| Assignment |
Exactly as written, reproduce the lines from the beginning of the data through the line containing "to the spot"; the pictures are not reproduced.

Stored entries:
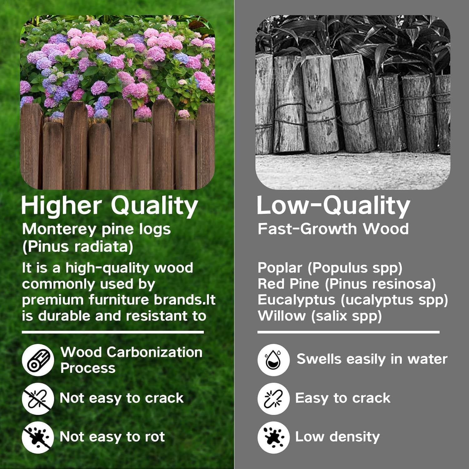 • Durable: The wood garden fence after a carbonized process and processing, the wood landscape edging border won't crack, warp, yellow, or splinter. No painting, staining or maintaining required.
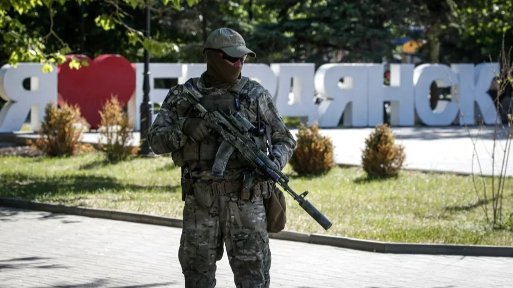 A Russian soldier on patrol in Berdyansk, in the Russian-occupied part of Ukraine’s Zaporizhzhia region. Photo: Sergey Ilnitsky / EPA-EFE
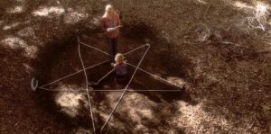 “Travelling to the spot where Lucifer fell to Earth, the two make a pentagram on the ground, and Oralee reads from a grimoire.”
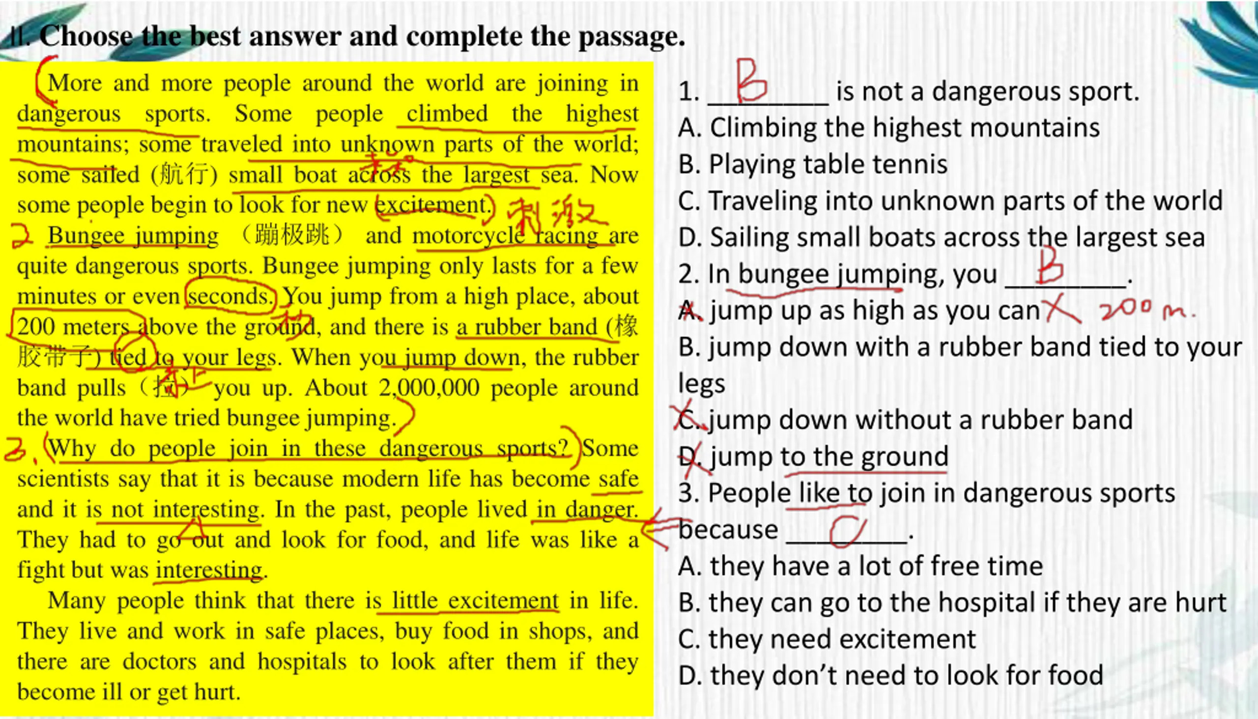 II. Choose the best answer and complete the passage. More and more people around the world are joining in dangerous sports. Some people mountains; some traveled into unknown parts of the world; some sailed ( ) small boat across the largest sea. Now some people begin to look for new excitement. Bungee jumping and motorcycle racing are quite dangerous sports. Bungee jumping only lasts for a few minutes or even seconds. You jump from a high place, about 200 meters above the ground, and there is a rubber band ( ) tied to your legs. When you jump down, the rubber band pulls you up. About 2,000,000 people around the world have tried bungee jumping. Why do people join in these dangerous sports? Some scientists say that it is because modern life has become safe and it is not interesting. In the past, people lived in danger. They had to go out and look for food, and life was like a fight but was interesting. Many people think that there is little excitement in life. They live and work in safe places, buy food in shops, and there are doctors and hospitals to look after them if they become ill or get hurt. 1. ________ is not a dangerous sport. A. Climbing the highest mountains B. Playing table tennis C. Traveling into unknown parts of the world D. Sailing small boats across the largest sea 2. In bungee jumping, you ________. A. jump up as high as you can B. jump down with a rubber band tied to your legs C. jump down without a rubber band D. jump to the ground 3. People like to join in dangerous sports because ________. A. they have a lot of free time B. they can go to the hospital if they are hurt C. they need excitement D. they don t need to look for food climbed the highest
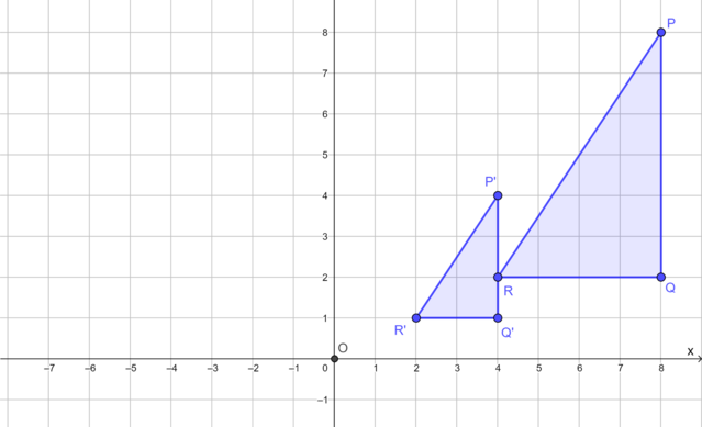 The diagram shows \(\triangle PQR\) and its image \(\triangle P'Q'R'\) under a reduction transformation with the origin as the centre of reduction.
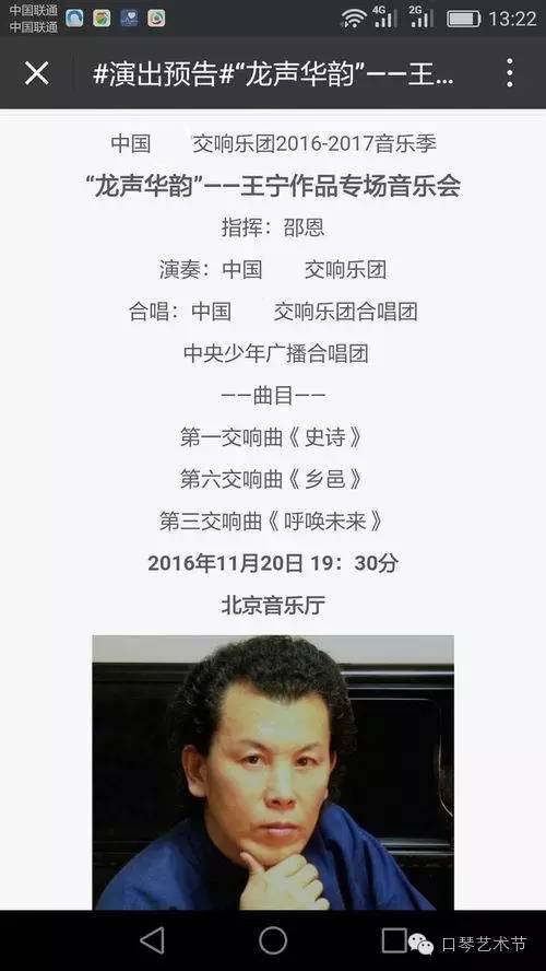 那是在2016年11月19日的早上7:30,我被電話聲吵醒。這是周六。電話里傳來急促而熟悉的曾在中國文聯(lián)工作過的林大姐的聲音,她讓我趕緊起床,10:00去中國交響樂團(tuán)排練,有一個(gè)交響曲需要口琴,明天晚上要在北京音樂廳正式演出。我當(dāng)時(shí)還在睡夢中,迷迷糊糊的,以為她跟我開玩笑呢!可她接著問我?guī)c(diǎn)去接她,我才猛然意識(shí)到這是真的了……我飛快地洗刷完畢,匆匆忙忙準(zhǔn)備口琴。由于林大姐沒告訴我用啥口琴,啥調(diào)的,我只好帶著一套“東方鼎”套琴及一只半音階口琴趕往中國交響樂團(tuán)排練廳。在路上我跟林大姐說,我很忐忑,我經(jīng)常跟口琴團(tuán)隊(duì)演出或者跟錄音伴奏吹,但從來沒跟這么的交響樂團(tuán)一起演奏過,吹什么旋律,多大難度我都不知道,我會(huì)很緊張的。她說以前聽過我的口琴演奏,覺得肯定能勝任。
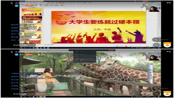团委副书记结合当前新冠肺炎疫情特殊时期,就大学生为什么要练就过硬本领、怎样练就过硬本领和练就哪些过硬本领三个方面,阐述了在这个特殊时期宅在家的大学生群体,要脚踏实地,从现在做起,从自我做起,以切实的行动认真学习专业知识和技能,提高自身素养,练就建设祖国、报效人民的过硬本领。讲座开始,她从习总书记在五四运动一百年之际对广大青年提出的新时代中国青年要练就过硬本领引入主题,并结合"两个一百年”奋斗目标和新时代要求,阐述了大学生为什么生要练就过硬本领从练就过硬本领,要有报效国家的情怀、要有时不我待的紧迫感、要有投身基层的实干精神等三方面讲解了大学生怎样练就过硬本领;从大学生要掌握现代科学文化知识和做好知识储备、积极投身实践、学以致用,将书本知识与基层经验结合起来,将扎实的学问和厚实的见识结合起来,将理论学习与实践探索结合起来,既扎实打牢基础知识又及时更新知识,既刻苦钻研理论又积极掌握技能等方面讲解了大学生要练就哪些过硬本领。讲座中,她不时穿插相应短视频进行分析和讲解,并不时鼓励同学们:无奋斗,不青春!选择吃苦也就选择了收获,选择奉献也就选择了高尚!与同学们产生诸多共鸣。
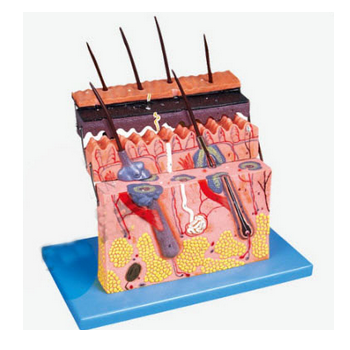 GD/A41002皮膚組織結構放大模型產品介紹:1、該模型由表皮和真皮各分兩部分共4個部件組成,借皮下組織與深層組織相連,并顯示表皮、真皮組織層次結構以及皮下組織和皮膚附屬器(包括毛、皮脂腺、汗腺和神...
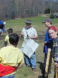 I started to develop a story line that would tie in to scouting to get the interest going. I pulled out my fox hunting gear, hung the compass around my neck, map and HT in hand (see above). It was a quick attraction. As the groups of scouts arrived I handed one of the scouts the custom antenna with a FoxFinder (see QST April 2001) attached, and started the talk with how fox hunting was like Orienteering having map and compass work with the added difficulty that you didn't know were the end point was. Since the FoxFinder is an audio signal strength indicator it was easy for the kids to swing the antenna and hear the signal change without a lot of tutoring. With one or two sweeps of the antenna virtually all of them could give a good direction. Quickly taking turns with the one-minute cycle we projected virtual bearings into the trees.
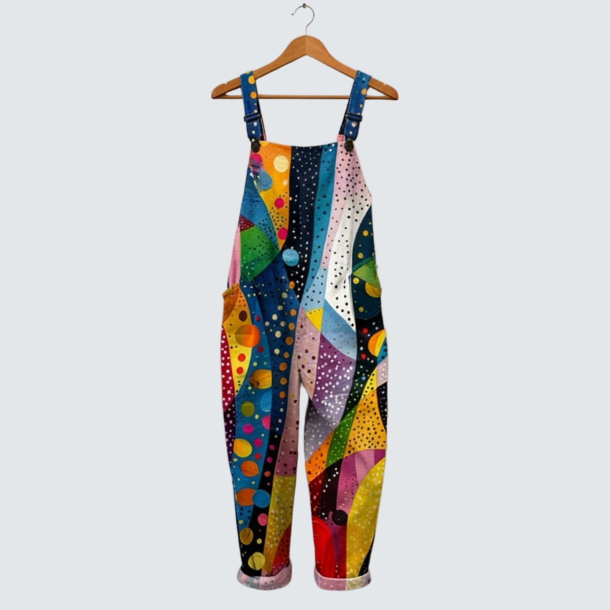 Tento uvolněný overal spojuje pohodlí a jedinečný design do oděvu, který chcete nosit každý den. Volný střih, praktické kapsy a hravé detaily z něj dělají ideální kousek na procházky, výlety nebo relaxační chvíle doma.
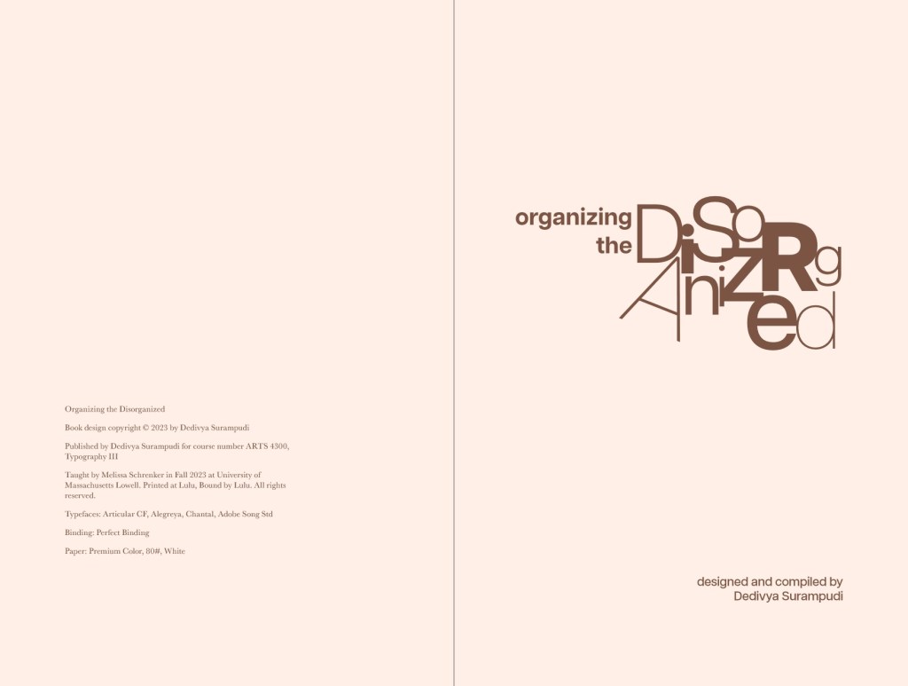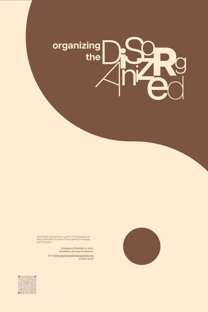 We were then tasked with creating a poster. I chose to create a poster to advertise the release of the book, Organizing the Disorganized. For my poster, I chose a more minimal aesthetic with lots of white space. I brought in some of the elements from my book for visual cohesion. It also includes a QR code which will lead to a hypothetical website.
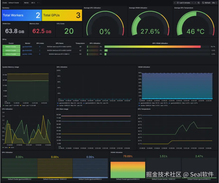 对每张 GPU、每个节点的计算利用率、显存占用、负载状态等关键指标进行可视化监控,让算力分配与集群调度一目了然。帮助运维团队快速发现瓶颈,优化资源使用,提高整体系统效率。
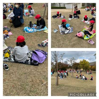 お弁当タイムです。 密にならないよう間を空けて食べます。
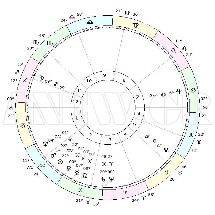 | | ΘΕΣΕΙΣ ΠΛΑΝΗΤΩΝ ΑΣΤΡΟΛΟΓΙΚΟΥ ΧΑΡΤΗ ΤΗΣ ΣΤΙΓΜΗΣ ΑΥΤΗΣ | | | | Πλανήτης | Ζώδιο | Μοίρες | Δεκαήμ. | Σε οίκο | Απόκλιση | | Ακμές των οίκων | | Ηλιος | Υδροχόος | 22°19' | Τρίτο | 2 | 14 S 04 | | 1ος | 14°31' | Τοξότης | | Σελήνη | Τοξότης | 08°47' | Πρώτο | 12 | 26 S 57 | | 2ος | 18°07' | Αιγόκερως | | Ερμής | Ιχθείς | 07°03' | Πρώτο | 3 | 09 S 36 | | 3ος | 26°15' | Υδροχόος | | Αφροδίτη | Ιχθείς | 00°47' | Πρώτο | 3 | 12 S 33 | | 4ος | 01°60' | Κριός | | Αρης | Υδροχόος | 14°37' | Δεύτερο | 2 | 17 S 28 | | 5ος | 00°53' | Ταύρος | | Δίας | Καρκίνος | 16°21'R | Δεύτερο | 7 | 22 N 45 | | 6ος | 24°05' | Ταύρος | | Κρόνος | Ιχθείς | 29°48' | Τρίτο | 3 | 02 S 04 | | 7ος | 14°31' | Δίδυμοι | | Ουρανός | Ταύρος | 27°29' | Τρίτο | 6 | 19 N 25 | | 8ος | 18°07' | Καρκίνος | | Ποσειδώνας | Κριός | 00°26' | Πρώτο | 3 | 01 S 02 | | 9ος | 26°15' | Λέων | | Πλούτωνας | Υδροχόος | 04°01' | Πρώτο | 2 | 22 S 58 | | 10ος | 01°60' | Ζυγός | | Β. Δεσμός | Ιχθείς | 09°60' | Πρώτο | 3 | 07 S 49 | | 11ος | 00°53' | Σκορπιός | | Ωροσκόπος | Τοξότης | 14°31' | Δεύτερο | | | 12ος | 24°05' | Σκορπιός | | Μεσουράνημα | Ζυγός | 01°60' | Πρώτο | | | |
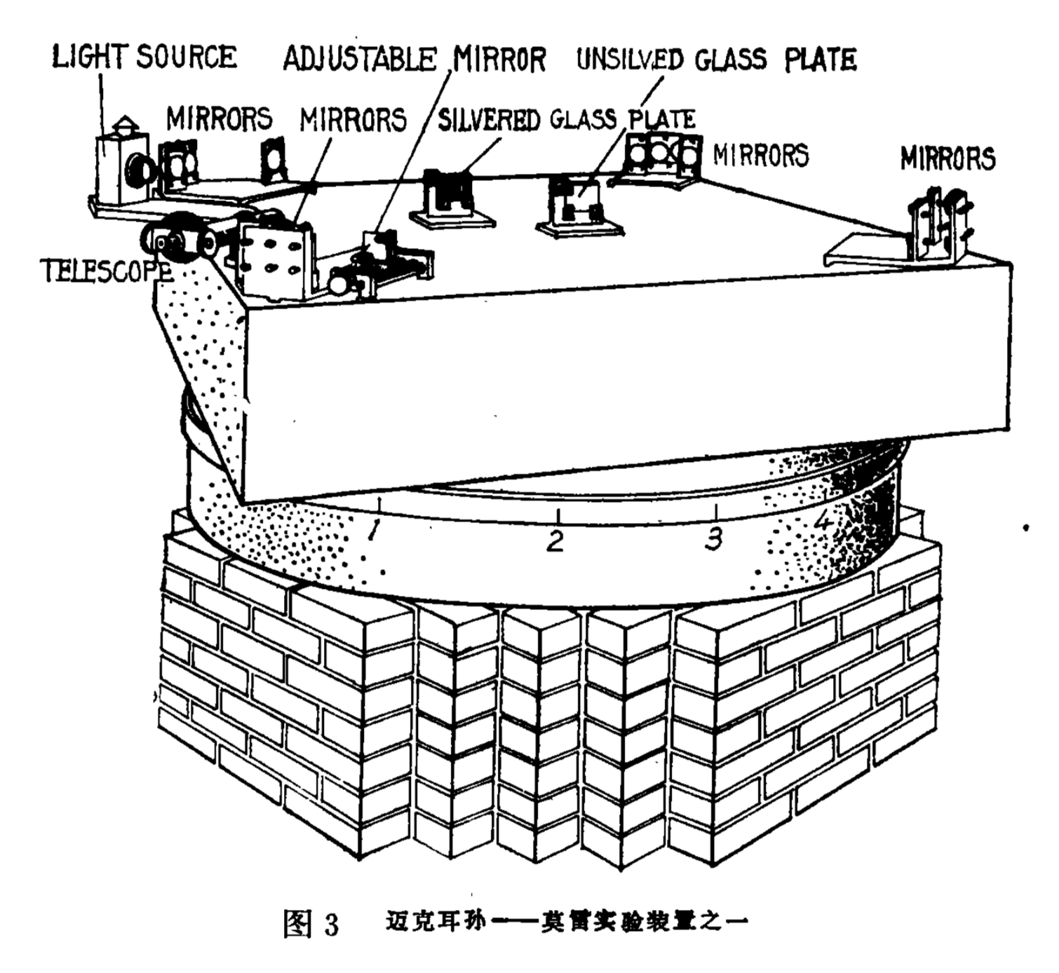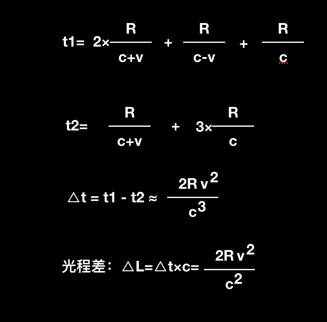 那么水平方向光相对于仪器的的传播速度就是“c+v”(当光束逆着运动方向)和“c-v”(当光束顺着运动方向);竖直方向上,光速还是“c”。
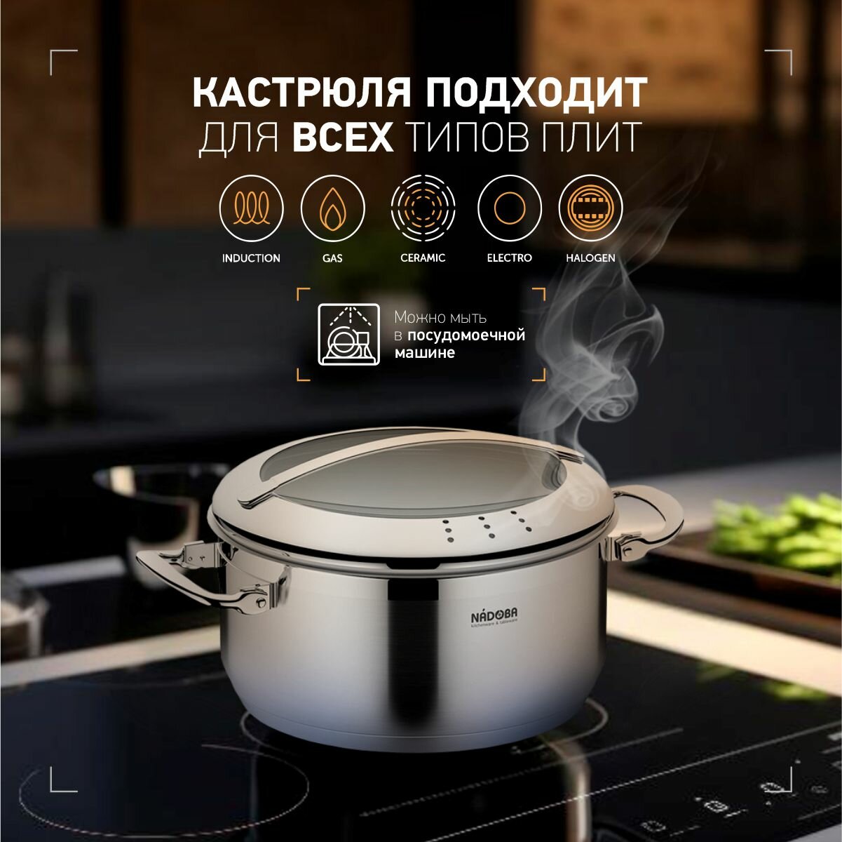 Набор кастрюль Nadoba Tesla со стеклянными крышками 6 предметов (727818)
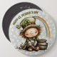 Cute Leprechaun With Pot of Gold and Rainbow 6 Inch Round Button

| Answer box |
 • Durable: The wood garden fence after a carbonized process and processing, the wood landscape edging border won't crack, warp, yellow, or splinter. No painting, staining or maintaining required.
 A Russian soldier on patrol in Berdyansk, in the Russian-occupied part of Ukraine’s Zaporizhzhia region. Photo: Sergey Ilnitsky / EPA-EFE
 “Travelling to the spot where Lucifer fell to Earth, the two make a pentagram on the ground, and Oralee reads from a grimoire.”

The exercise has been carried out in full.